Saved data entries
....................
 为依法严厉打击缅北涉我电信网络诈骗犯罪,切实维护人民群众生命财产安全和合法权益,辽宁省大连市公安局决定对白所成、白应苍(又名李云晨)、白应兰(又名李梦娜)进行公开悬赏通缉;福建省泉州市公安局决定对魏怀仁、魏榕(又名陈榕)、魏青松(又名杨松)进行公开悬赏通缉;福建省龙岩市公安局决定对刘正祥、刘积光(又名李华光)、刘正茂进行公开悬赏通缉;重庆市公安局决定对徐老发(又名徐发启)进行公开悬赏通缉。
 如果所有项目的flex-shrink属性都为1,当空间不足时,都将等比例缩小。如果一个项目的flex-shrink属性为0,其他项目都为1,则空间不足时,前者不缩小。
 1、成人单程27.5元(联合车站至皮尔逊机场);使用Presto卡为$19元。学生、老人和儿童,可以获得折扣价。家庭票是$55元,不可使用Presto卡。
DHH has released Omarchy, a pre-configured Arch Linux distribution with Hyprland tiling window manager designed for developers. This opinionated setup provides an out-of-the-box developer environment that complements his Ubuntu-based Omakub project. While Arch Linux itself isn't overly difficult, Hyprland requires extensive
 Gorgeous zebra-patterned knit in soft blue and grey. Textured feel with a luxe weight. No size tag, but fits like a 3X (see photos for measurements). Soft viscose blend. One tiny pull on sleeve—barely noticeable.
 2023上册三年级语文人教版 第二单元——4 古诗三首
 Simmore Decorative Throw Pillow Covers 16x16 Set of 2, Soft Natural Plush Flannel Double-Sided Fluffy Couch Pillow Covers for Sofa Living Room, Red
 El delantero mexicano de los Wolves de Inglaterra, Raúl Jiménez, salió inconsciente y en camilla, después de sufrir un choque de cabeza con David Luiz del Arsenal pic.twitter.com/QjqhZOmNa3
....................
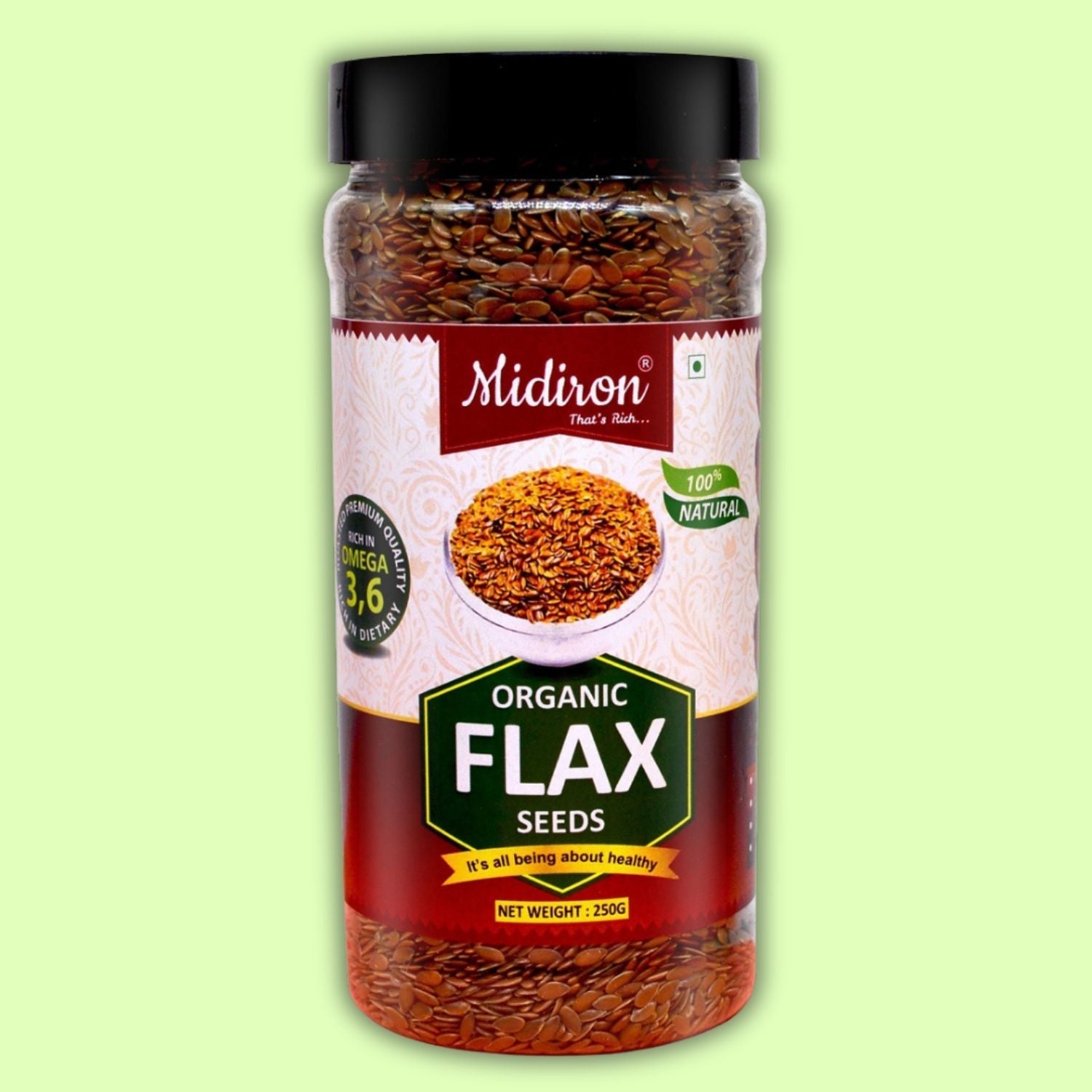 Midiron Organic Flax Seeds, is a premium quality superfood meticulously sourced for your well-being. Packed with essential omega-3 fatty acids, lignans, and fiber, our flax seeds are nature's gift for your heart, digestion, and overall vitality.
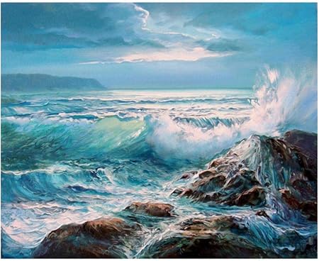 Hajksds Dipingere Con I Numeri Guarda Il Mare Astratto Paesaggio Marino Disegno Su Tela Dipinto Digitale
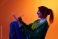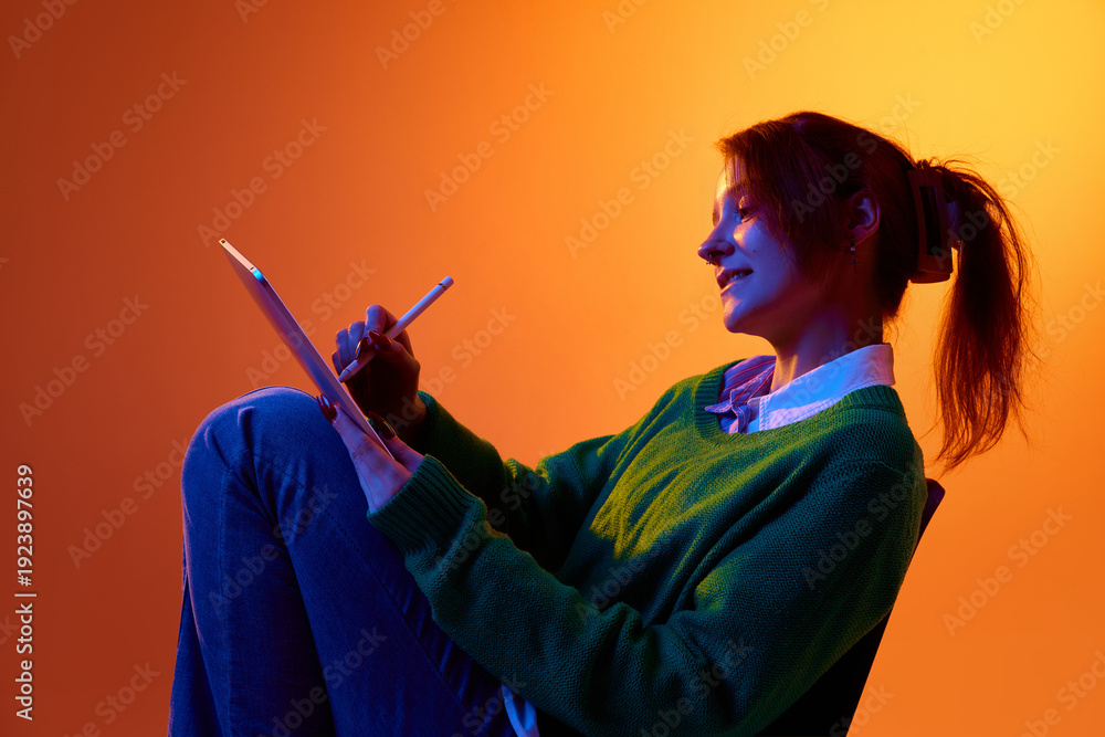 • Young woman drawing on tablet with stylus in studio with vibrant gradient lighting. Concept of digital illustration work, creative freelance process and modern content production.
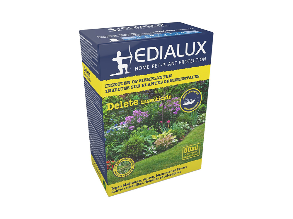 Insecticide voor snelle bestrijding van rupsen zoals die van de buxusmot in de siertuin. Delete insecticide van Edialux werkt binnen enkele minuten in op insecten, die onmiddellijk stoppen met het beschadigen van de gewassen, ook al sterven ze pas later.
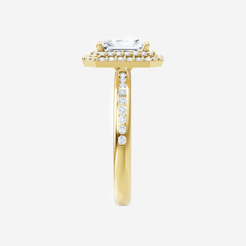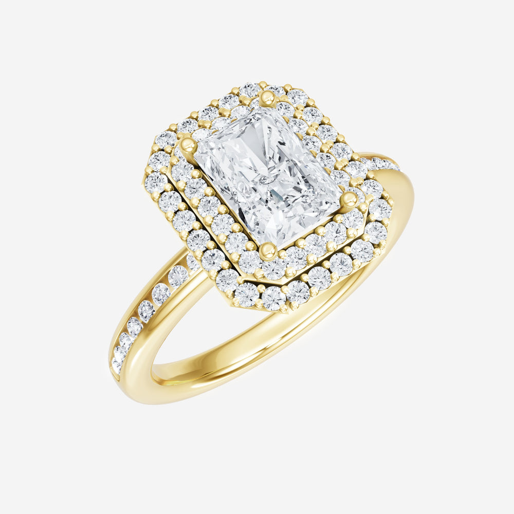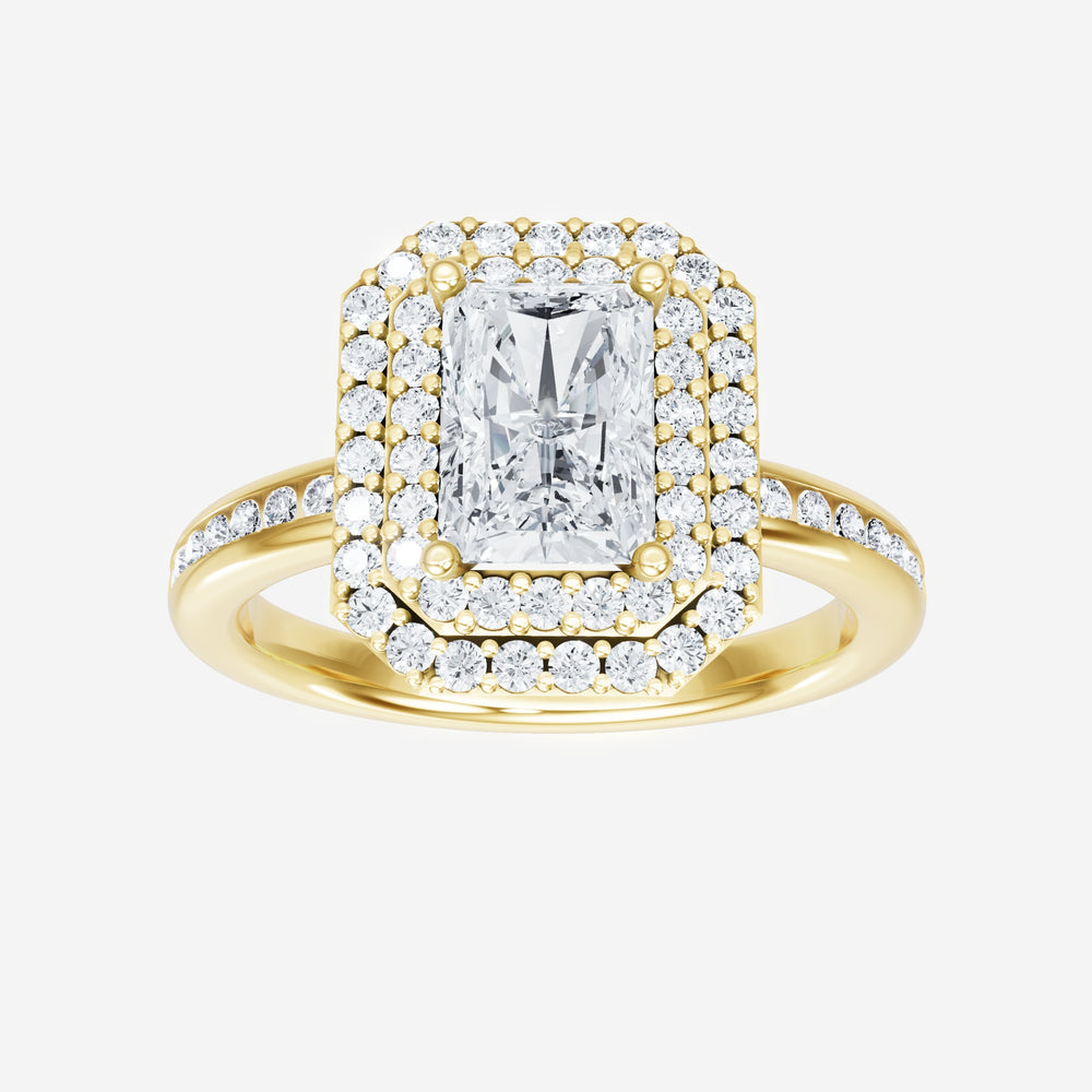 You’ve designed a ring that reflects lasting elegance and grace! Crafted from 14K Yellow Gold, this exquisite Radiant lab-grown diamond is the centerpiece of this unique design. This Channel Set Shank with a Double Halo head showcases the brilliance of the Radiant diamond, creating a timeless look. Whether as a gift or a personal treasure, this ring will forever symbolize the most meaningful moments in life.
....................
YOUR ASSIGNMENT :: Starting from the line with "Insecticide voor snelle" in the records above, repeat each line exactly until you have written the line with "You’ve designed a", then stop; drop the pictures.

EXERCISE RESULT ::
 Insecticide voor snelle bestrijding van rupsen zoals die van de buxusmot in de siertuin. Delete insecticide van Edialux werkt binnen enkele minuten in op insecten, die onmiddellijk stoppen met het beschadigen van de gewassen, ook al sterven ze pas later.
 You’ve designed a ring that reflects lasting elegance and grace! Crafted from 14K Yellow Gold, this exquisite Radiant lab-grown diamond is the centerpiece of this unique design. This Channel Set Shank with a Double Halo head showcases the brilliance of the Radiant diamond, creating a timeless look. Whether as a gift or a personal treasure, this ring will forever symbolize the most meaningful moments in life.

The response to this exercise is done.